WHAT THE TASK REQUIRES: Using the data below, return word for word every line from the one holding "そのほか、入場入り口の通路に" down to the one holding "Size of 131m²". Leave pictures out.
MATERIAL SHOWN below:
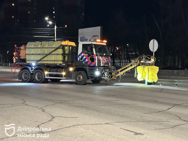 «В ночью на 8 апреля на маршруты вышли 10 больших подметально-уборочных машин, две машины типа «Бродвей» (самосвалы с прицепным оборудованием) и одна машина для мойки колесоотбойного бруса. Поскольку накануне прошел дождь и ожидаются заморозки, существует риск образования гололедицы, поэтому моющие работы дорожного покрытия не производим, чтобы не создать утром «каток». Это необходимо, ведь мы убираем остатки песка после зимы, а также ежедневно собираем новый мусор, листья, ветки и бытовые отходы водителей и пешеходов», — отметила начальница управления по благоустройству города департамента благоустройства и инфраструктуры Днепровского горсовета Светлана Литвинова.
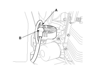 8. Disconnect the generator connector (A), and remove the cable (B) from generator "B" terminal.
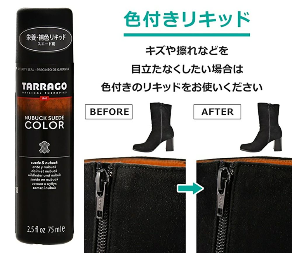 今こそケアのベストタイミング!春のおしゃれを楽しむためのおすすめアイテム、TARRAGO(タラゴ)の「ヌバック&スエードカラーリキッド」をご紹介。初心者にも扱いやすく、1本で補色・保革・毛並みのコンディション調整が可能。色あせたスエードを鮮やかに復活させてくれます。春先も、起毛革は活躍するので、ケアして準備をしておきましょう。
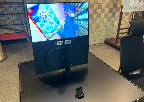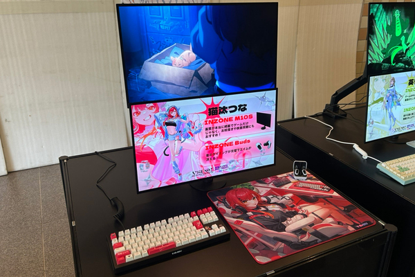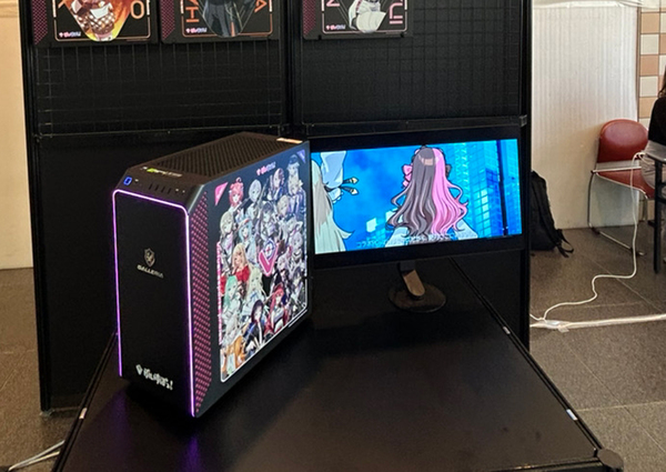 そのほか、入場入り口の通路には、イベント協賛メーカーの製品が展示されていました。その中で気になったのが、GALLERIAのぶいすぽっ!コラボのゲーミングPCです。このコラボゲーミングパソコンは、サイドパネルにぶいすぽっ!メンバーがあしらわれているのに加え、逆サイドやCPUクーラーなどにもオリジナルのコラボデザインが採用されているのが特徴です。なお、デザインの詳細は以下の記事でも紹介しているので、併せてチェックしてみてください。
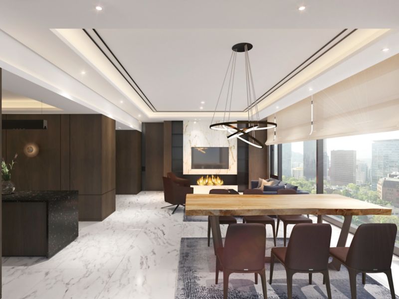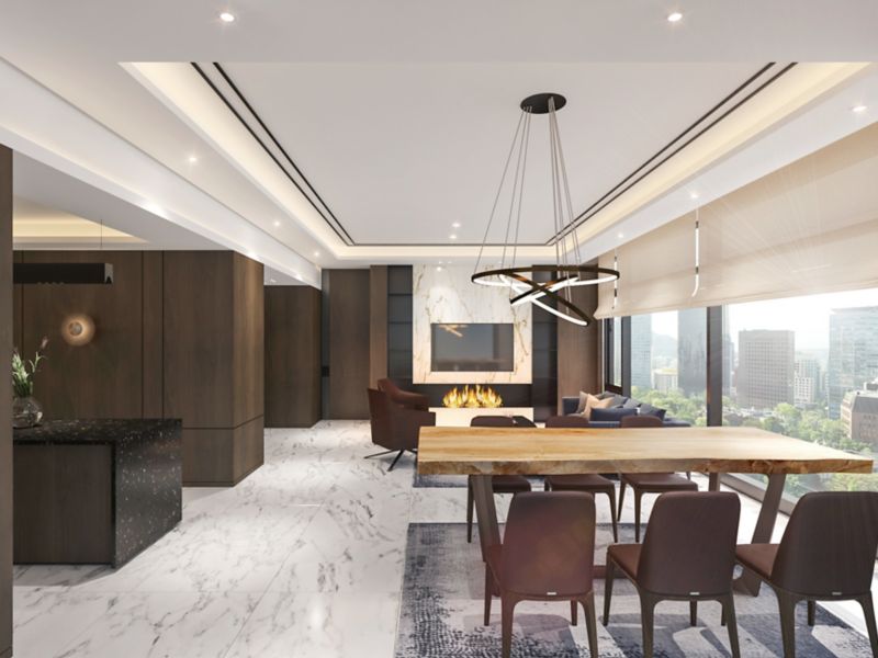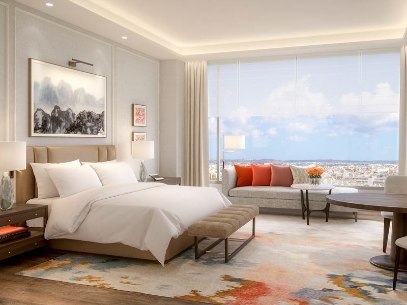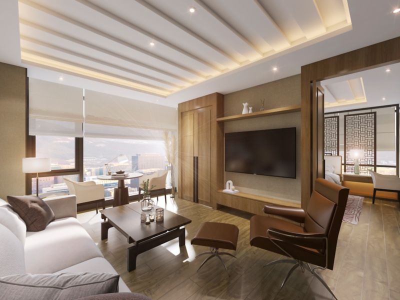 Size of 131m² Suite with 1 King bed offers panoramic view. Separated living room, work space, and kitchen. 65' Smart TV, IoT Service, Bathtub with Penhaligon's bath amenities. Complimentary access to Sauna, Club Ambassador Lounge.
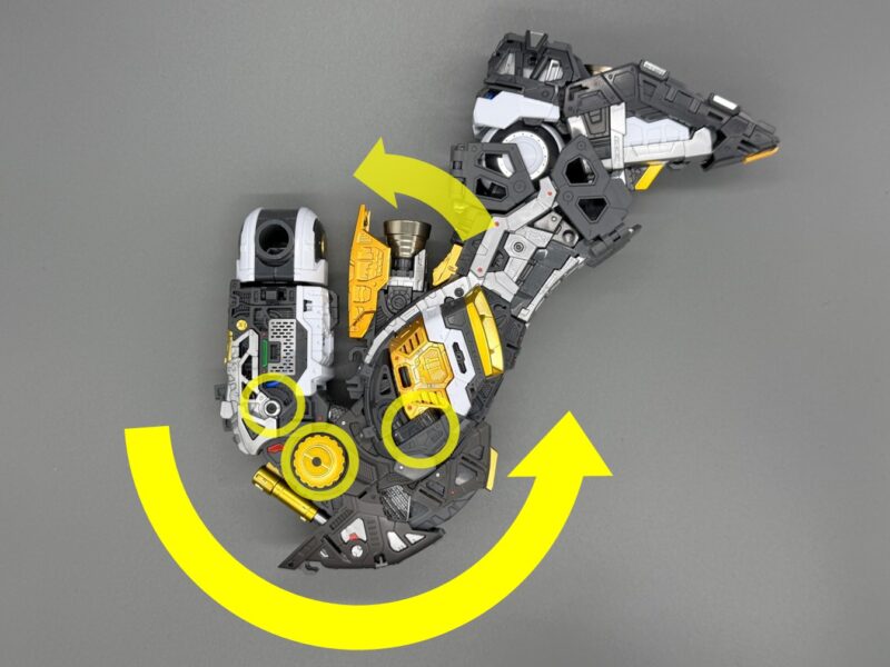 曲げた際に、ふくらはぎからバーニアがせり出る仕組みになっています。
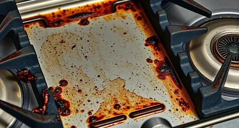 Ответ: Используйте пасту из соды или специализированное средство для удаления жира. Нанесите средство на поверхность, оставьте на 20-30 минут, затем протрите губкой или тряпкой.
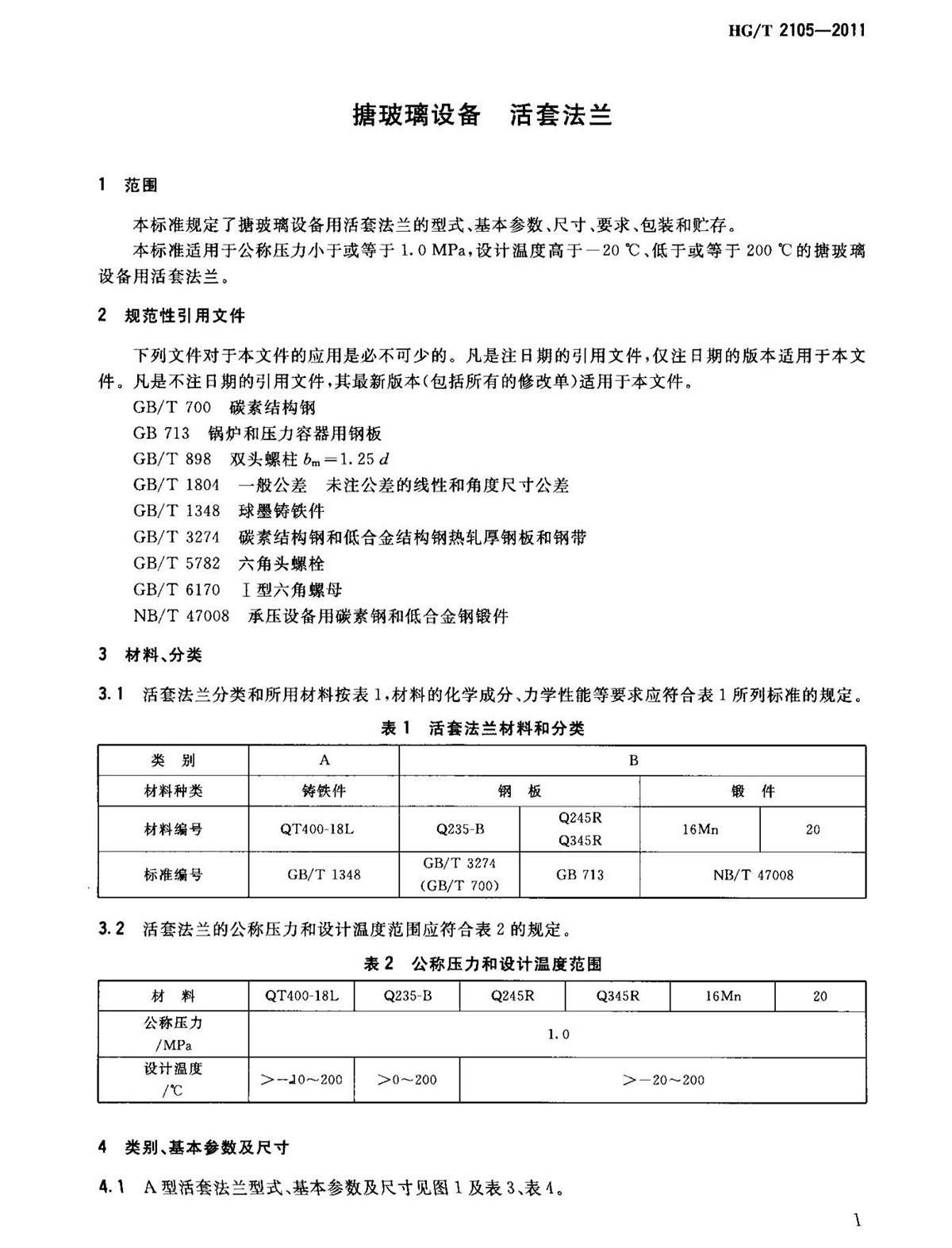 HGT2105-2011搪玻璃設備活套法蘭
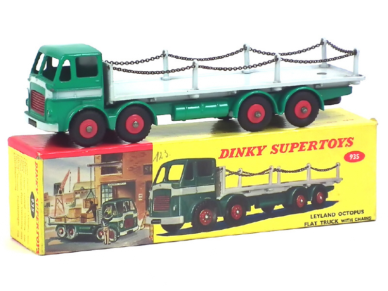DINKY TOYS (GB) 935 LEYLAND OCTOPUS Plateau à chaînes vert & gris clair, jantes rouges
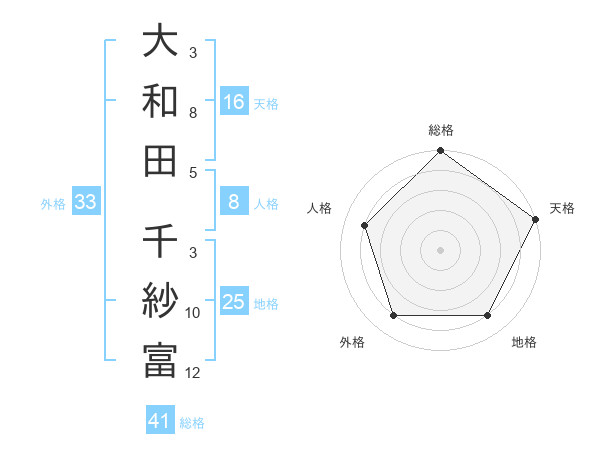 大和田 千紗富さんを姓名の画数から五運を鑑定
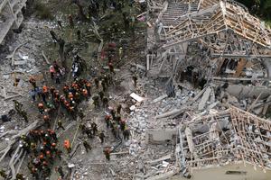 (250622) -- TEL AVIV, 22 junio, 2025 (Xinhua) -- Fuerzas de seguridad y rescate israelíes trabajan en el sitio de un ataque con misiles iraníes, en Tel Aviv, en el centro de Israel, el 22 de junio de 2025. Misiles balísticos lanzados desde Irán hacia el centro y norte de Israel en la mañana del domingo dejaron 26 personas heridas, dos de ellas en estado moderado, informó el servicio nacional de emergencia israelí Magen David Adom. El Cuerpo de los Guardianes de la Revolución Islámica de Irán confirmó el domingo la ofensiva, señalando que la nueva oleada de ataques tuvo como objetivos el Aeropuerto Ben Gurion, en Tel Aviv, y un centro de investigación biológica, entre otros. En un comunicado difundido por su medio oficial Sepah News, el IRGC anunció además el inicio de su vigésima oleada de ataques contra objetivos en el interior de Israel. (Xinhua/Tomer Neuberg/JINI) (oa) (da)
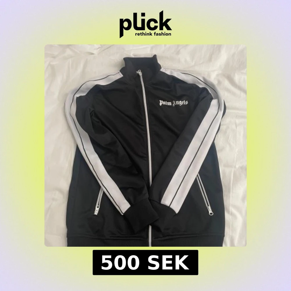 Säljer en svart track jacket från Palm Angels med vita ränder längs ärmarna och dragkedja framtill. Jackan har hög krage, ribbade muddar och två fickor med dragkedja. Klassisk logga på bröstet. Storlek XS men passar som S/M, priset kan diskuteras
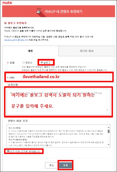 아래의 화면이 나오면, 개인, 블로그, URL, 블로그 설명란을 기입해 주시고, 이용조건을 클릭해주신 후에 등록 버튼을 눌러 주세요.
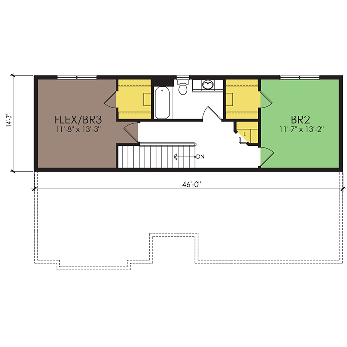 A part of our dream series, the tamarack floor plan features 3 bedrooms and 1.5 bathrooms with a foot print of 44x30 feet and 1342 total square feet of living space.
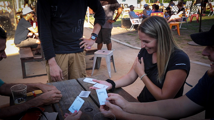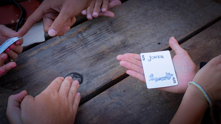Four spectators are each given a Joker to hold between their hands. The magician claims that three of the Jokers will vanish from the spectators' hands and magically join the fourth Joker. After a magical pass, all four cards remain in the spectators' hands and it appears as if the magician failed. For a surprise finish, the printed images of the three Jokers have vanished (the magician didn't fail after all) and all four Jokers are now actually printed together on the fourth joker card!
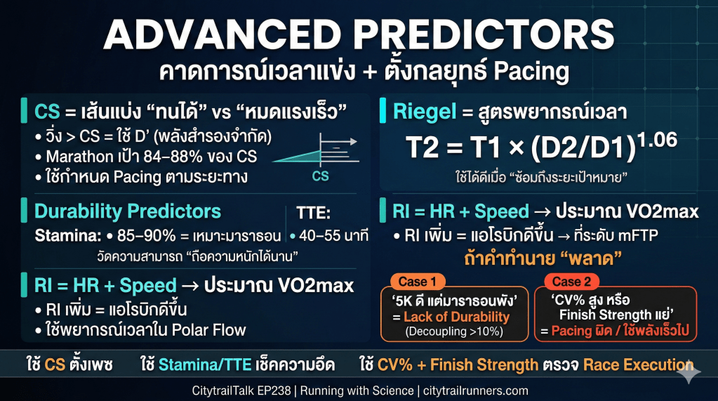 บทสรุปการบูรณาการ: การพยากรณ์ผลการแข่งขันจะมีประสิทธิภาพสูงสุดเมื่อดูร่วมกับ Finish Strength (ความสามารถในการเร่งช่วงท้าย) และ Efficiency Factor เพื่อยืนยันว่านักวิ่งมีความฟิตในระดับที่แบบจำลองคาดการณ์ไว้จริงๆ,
End of MATERIAL SHOWN.
TASK ANSWER:
 そのほか、入場入り口の通路には、イベント協賛メーカーの製品が展示されていました。その中で気になったのが、GALLERIAのぶいすぽっ!コラボのゲーミングPCです。このコラボゲーミングパソコンは、サイドパネルにぶいすぽっ!メンバーがあしらわれているのに加え、逆サイドやCPUクーラーなどにもオリジナルのコラボデザインが採用されているのが特徴です。なお、デザインの詳細は以下の記事でも紹介しているので、併せてチェックしてみてください。
 Size of 131m² Suite with 1 King bed offers panoramic view. Separated living room, work space, and kitchen. 65' Smart TV, IoT Service, Bathtub with Penhaligon's bath amenities. Complimentary access to Sauna, Club Ambassador Lounge.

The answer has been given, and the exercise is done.